- Born: John Scheda 13 September 1981 Placerville, California, U.S.
- Died: 1 April 2008 (aged 26) La Paz, Bolivia
- Other names: Claudio Lestad, Lestat Claudius de Orleans y Montevideo, John Scheda
- Motive: Unknown
- Criminal penalty: 30 years' imprisonment without the possibility of parole

Details
- Date: 22 March 2006
- Killed: 2
- Injured: 7

= Triston Jay Amero =

American murderer (1982–2008)

Triston Jay Amero (13 September 1981 – 1 April 2008), also known as Lestat Claudius de Orleans y Montevideo, which he eventually changed to his legal name, was an American who was found guilty of the hotel bombings that killed two people and wounded seven others in La Paz, Bolivia, on March 22, 2006. The bombings damaged two low-rent hotels. A third bombing was stopped.

== Biography ==
Amero, who also went by the name John Scheda, was born in Placerville, California, as the son of a California woman and a Saudi Arabian man. He had reportedly been hospitalized for psychiatric treatment and had been in juvenile prison several times, beginning at age seven. He had wandered around Latin America for some years before settling in the Bolivian city of Potosí in 2004. In posts from Colombia to his blog, he repeatedly described himself as a loner, a "political refugee" and "the Superman of Loosers" [sic] whose strongest desire was to distance himself from the United States. He had previously been convicted of terrorism in Argentina and had sent a letter bomb to a judge in Uruguay in May 2005.

== Bombings ==
On 22 March 2006, Amero set off bombs at two independent hotels in Linares and Rioshino, two different locations in La Paz, the capital of Bolivia. He also plotted to place a bomb at the Consulate of Chile, but was arrested before this could happen.
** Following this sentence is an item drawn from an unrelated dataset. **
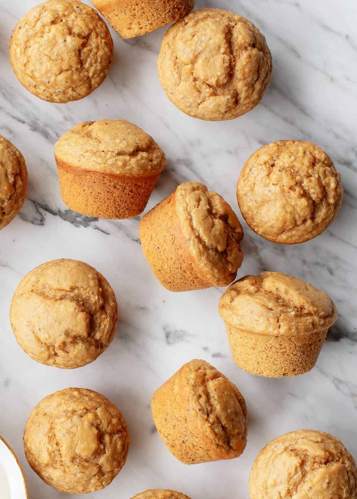In a medium bowl, whisk together the sugar, olive oil, lemon zest, lemon juice, and vanilla. Stir in the almond milk mixture. Combine the wet ingredients with the dry ingredients and mix until just combined. Fold in the chia seeds and use a ⅓-cup measuring cup to scoop the batter into the muffin tins. Bake for 16 to 17 minutes, or until a toothpick inserted in the middle comes out clean. Let cool for 10 minutes in the pan, then transfer to a wire rack to finish cooling.

Although the Bolivian police were unsure of the motive for the bombings that led to Amero's arrest, President Evo Morales declared: "This American was putting bombs in hotels ... The U.S. government fights terrorism, and they send us terrorists", he said. Morales denounced the bombings as an attack on Bolivia's democracy. He called it "typical of terrorist crime." This caused a brief cooling of U.S.-Bolivian relations. Police described him as a "psychopath" who aimed to kill upwards of 200 people.

Deputy Interior Minister Rafael Puente told Radio Fides: "The possible motives behind these attacks are incomprehensible. There don't seem to be any concrete objectives other than causing deaths."

== Aftermath ==
Amero, 24, and his Uruguayan girlfriend, Alda Ribeiro Costa, 45, who was pregnant at the time, were arrested by police in a hotel in the slum of El Alto. They were ordered held in "preventive detention" pending trial by Judge Williams Davila, who said he would evaluate Amero's request for a psychiatric evaluation as well as the pregnant Ribeiro's request for a medical exam. After being formally charged with murder, they were held in a maximum security prison near La Paz. While there, Amero attempted to stab his lawyer and had gasoline hidden in his cell, with plans to set fire to a prison official and a U.S. diplomat. Amero was sentenced to 30 years in prison without the possibility of parole on January 23, 2008. At the age of 26, Amero died in a hospital on April 1, 2008, after complaining of stomach pains while imprisoned at the San Pedro de Chonchocoro Penitentiary Center in La Paz.